Intervention de Fabrice Le Vigoureux

Séance en hémicycle du mardi 22 septembre 2020 à 15h00
Programmation de la recherche — Article 2

Photo issue du site de l'Assemblée nationale ou de WikipediaFabrice Le Vigoureux :

Pour ce qui est de l'horizon temporel de cette programmation de la recherche, depuis hier on entend dire sur les bancs de l'opposition qu'il est trop éloigné, et qu'il faudrait rattraper en deux ou trois ans le sous-investissement dont souffre la recherche depuis des décennies. Il faut tout de même faire preuve d'un peu d'honnêteté intellectuelle et reconnaître que, si cette loi de programmation prévoit 25 milliards d'euros sur dix ans, elle va également permettre la mise en oeuvre de mesures de rattrapage très significatives – et très attendues – dès la fin de ce quinquennat.

Dès 2021, on prévoit qu'aucun maître de conférences ne sera recruté à moins de deux fois le SMIC. La dernière fois qu'on a mis en oeuvre une telle mesure en France, c'était en 1990 : on rattrape en un an trente ans de dégradation permanente des salaires d'entrée dans la carrière universitaire !

Dès 2021, tous les maîtres de conférences et les chargés de recherche bénéficieront d'une augmentation comprise entre 1 000 et 1 300 euros. Cela faisait bien longtemps qu'un tel signal n'avait pas été adressé – et encore ce coup d'accélérateur n'est-il que l'amorce d'un grand plan de revalorisation des carrières.

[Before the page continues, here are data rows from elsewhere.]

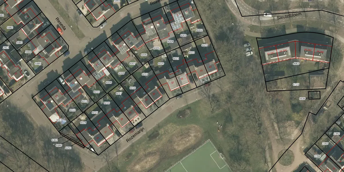 Het perceel waarop Rozemarijn 37 staat heeft een oppervlakte van 254 m². Dit is een middelgroot perceel. De perceeloppervlakte wordt geregistreerd door het Kadaster. Gedetailleerde informatie over de maten van dit perceel kunt u vinden in het rapport Kadastrale kaart met maatvoering van Rozemarijn 37.
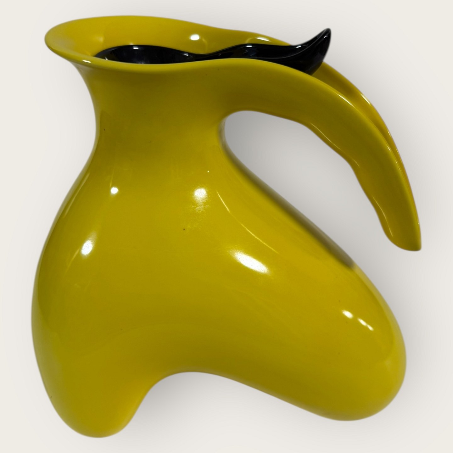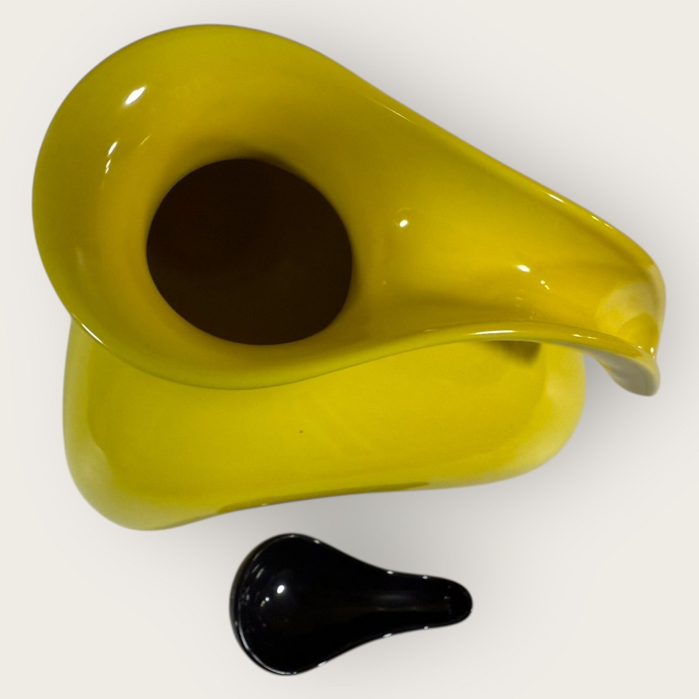 Royal Copenhagen, Fajance, gul kande med sort låg, # 143, Design Ole Jensen, låget fungerer også som måleske, Mål: ca. 20x19x15cm, 1. sortering *Perfekt stand*
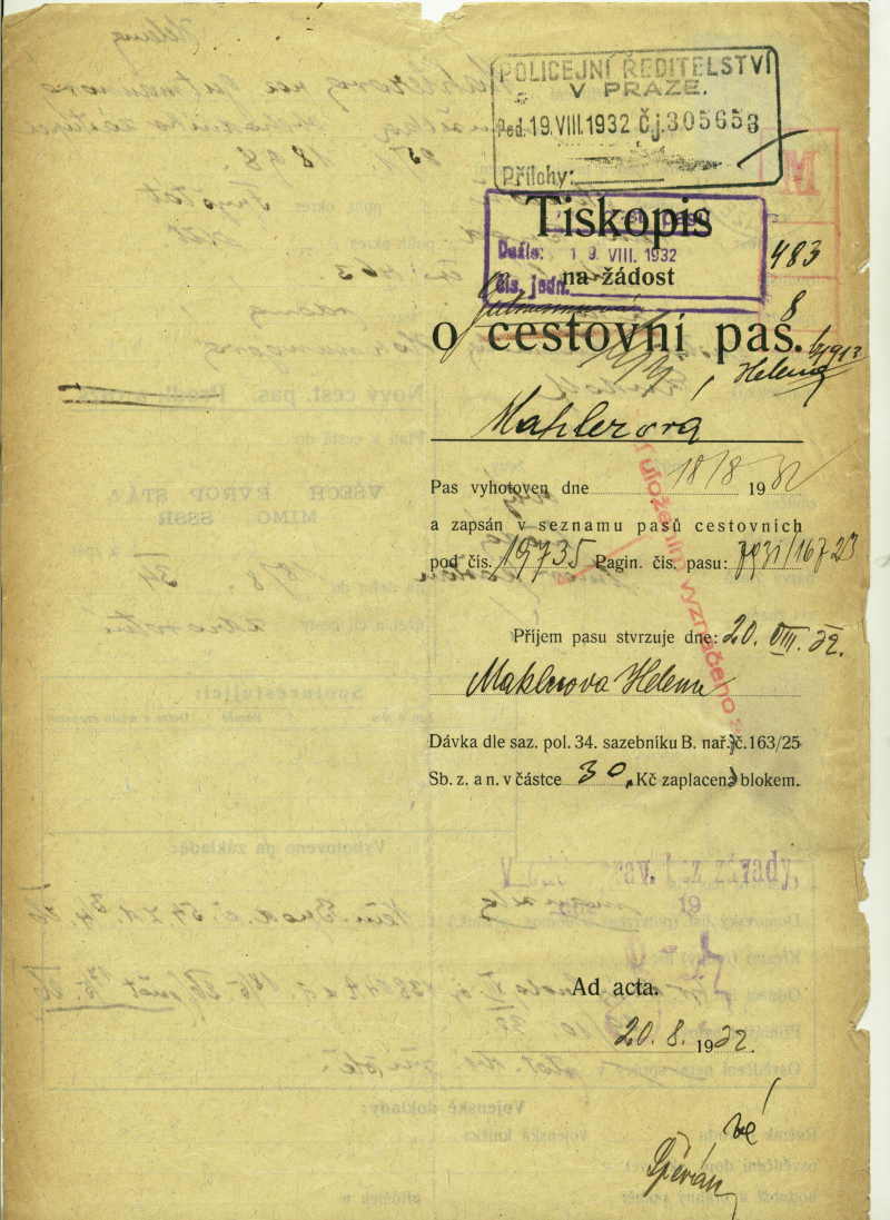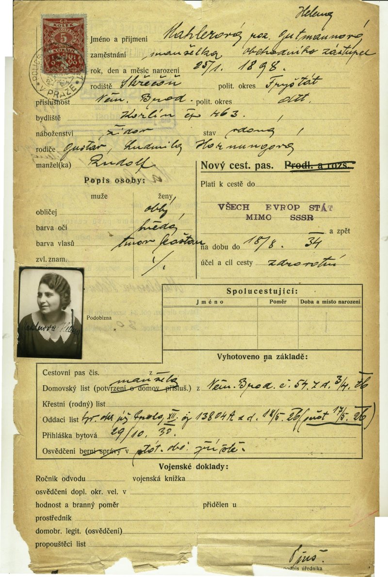 Fuchsová Helena: Žádost o vydání cestovního pasu

Dès 2021, on augmente le financement de base de tous les laboratoires de 10 % – et de 25 % en 2023.

Dès 2021, avec la contribution du taux de relance, le taux de sélection des projets soumis à l'Agence nationale de la recherche va enfin dépasser les 20 %. Je rappelle qu'il y a quelques années, nous n'en étions encore qu'à 11 % – un taux absolument décourageant pour les équipes, qui a sans doute empêché certains bons projets d'émerger.

Dès 2021, grâce au plan de relance, on multiplie par cinq les garanties des prêts accordés aux étudiants.

Dès 2021, on rend enfin éligibles les universités au grand plan de rénovation thermique tant attendu.

Dès 2021, on engage un plan de recrutement de 5 200 personnes, avec des postes d'enseignant-chercheur, des fonctionnaires, des titulaires sous plafond État – je rappelle que nous en avons perdu 3 500 au cours du dernier quinquennat.

Oui, nous pouvons à la fois nous projeter sur dix ans pour soutenir la recherche, qui doit se déployer sur le temps long, et prendre des engagements forts à très court terme.

Après une décennie de sécheresse budgétaire, qui devrait nous amener à un peu d'humilité sur tous les bancs, réjouissons-nous que le Gouvernement prenne enfin les choses en main.